Gourmet began its illustrious career in 1941 and has become the magazine of record, the gold standard for food magazines. There are others to be sure, but Gourmet maintains its cachet and its excellence due, in good part, to Ruth Reichl’s leadership. Reichl, Gourmet’s famed editor-in-chief, edited The Gourmet Cookbook in 2004, the more-than-magnum opus compiled to celebrate the magazine’s 60th birthday. With more than 1,000 recipes, it was a grand retrospective that gathered the best of the best—retested, retasted and updated. Now, only five years later, the indomitable Gourmet team has done it again with Gourmet Today. Another whopper (not the Burger King variety!), this one is orchestrated to suit “the on-going revolution in the American kitchen”—our wonderfully eclectic, international appetites, the ever-increasing ease in getting ethnic, organic and healthy ingredients and our concern about ethical eating.
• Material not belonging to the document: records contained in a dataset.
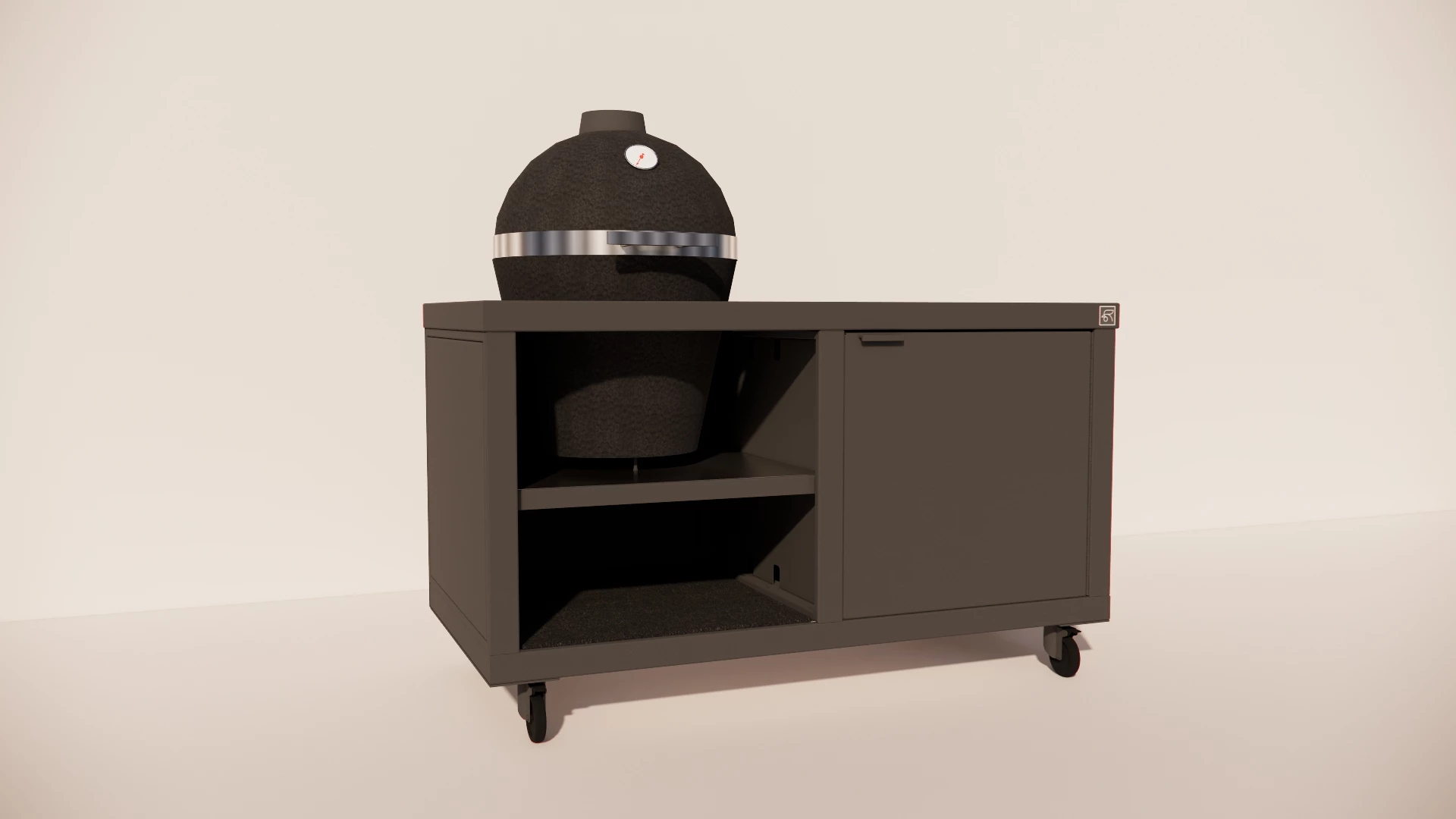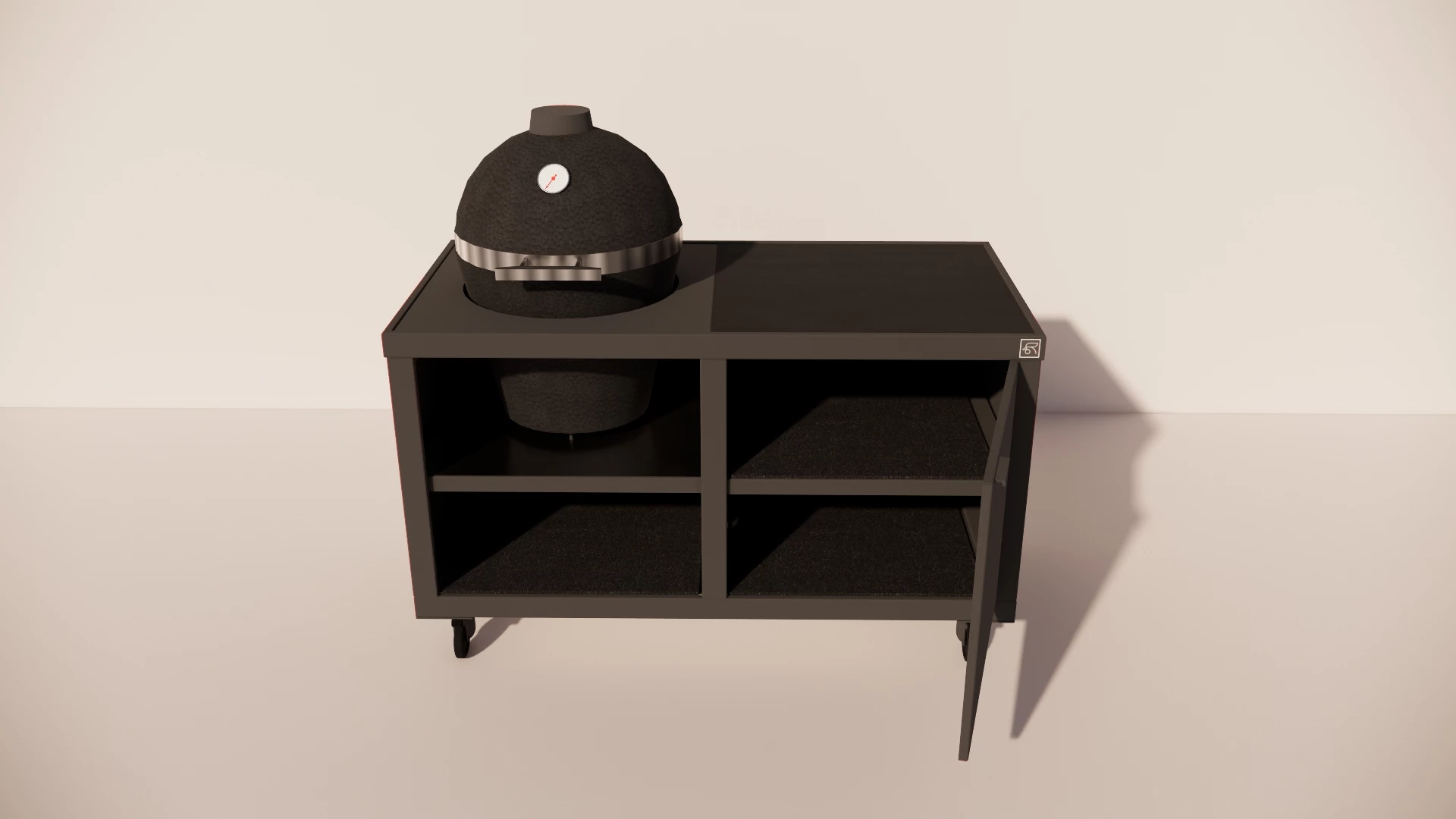 De inlay is speciaal afgestemd op de kamado, waardoor een strak en naadloos geheel ontstaat. De praktische opbergplank en de afsluitbare deur aan de rechterzijde bieden volop ruimte om je BBQ-accessoires, houtskool en gereedschap netjes op te bergen.
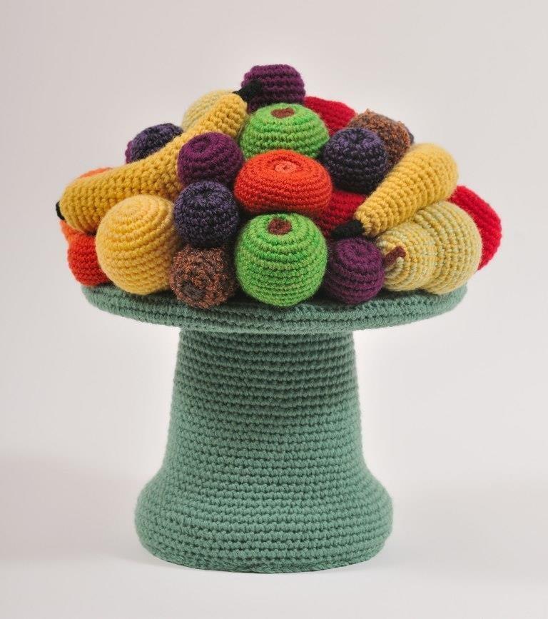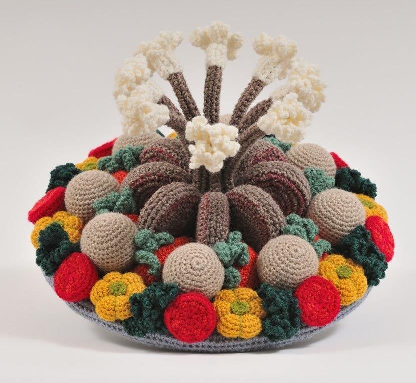 Για τα φρούτα και τα λαχανικά, ο Τρέβορ πλέκει με βελονάκι γύρω από σχήματα από πολυεστέρα. Χρησιμοποιεί ειδικές τεχνικές για να δώσει λεπτομέρειες στα φύλλα και τα λουλούδια. Και ράβει όλα αυτά τα μέρη, στην τελική σύνθεση.
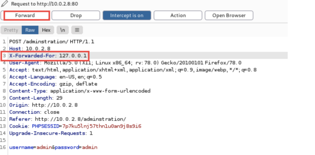 我们尝试登录,最终经过测试目标靶机存在弱口令admin,admin,继续burp suite抓包,每一个包都加上X-Forwarded-For: 127.0.0.1,然后forward。
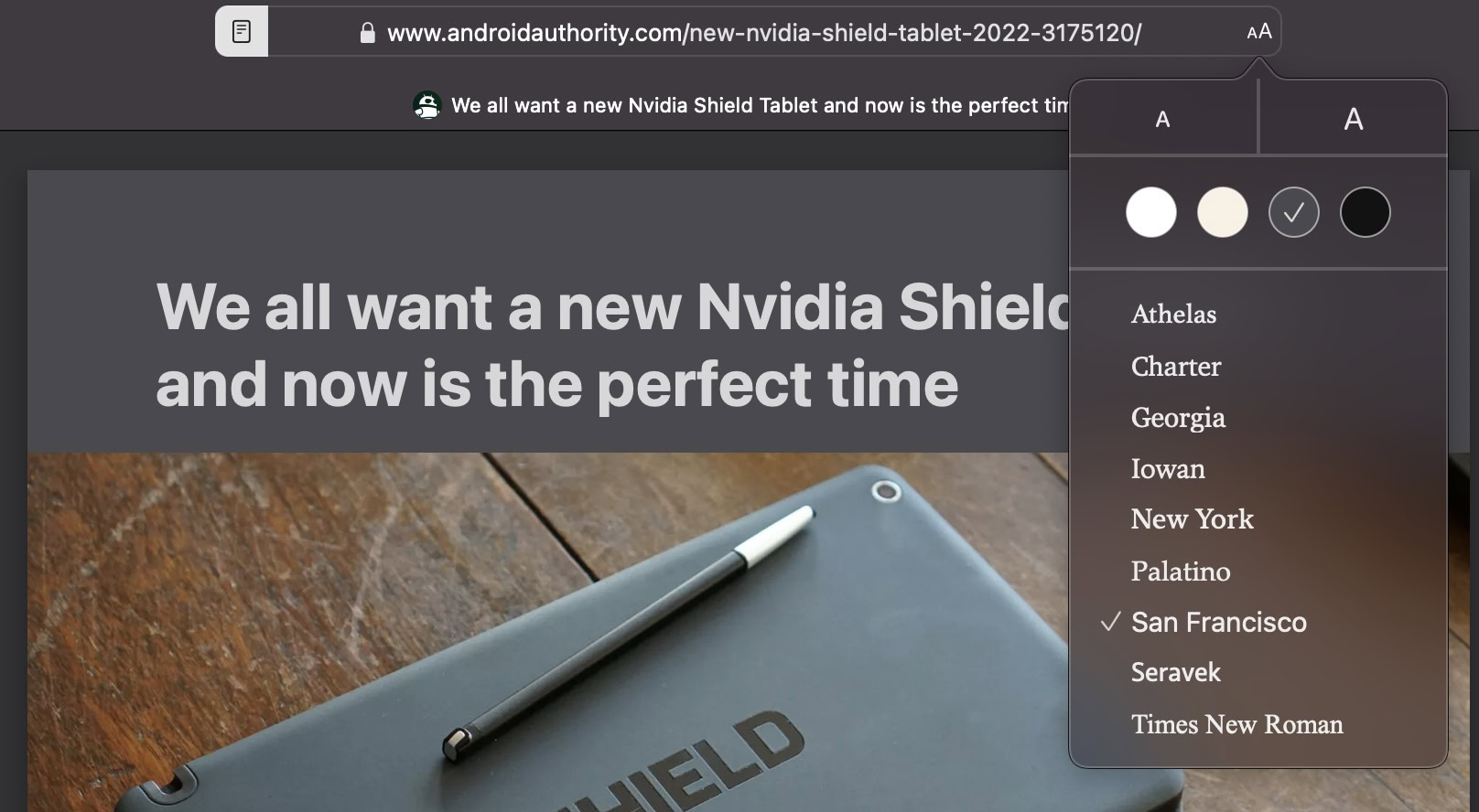 If you don’t use the Dark Mode for Safari browser extension, or Safari Reader, you would need to find out if a website supports dark mode, and if so, switch it on. Android Authority, for example, supports it.
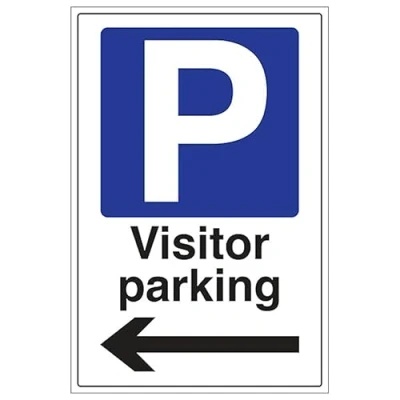 V Safety Visitor Parking Arrow Left Portrait 400 x 600 mm 3mm Reflective Aluminium Composite Sign
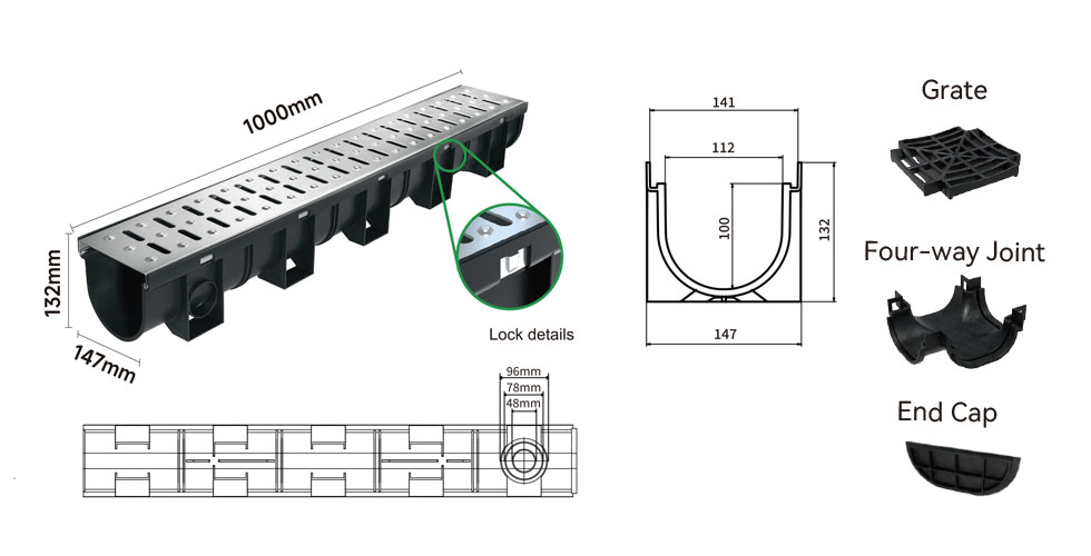 Linear edge shower drain with horizontal outlet and PP siphon 50mm width series

And, with 650 recipes that can be made in 30 minutes, it invites the time-challenged (and who isn’t?) to share in our current culinary adventures. Encyclopedic in an exciting way, there’s not a cooking category missing, from minty Mojitos to Zucchini Curry, Quail with Pomegranate Jus and an impressive Frozen Passion Fruit Meringue Cake. If a new “Julie” cooks her way through this tome, it may take a decade.

Chef with a mission

Jamie Oliver has become a revolutionary. Armed with cooking utensils, solid recipes and his signature charm, he’s determined to wage culinary war on bad health and the rise of obesity (pace fat studies proponents). His strategy for winning the war is to give you the tools to make “good, honest, affordable food,” that you cook from scratch (big emphasis on “scratch”), whether the economy is in boom or doom mode. The tools, aka great recipes, are in his latest manifesto, Jamie’s Food Revolution. He wants us to cook at home, to give up the deleterious habit of eating fast food and takeout, and offers 14 chapters—from 20-minute meals (try the Chicken and Leek Stroganoff!), curries, stir-fries, a wonderful riff on ground beef entrees, roasts and stews, to super salads, sweet things and more—each with an irresistible array easy enough for a novice and intriguing enough for an old kitchen hand, all with fabulous photos, demonstrating a dish’s evolution, the how-to’s involved or the finished product. Join the revolution by passing on your favorites to at least two friends who will do the same (building a progression of happy rebels), or just enjoy Jamie’s take on good homemade food.

The scoop on soup

Soup is the ultimate and indisputable comfort food, but in its many incarnations it’s so much more. A soup can show off its hearty peasant roots, exude an ineffable elegance, warm your soul or cool it off. And as souperista Anna Thomas maintains, “soup may be the last hope for home cooking.” To ensure that that “last hope” remains alive and well, Thomas, author of the much-admired Vegetarian Epicure books, serves up her personal, invitingly inventive “library of soups” in Love Soup. As you might suspect, Thomas’ soups are vegetarian and many are vegan, and as you might surmise from the title, she’s truly, madly, deeply in love with soup. That love manifests itself in every one of the 100 soup recipes here, plus 60 more for breads, salads, starters and sweets to go with the “souper” main course. Seasonal stars, like chard and root veggies, shine as we move from fall to winter—with some sensational creations for the holidays—then come soups that honor the first tastes of spring and the bounty of summer. We’ve come full cycle, souped it up for a year and are all the better for it.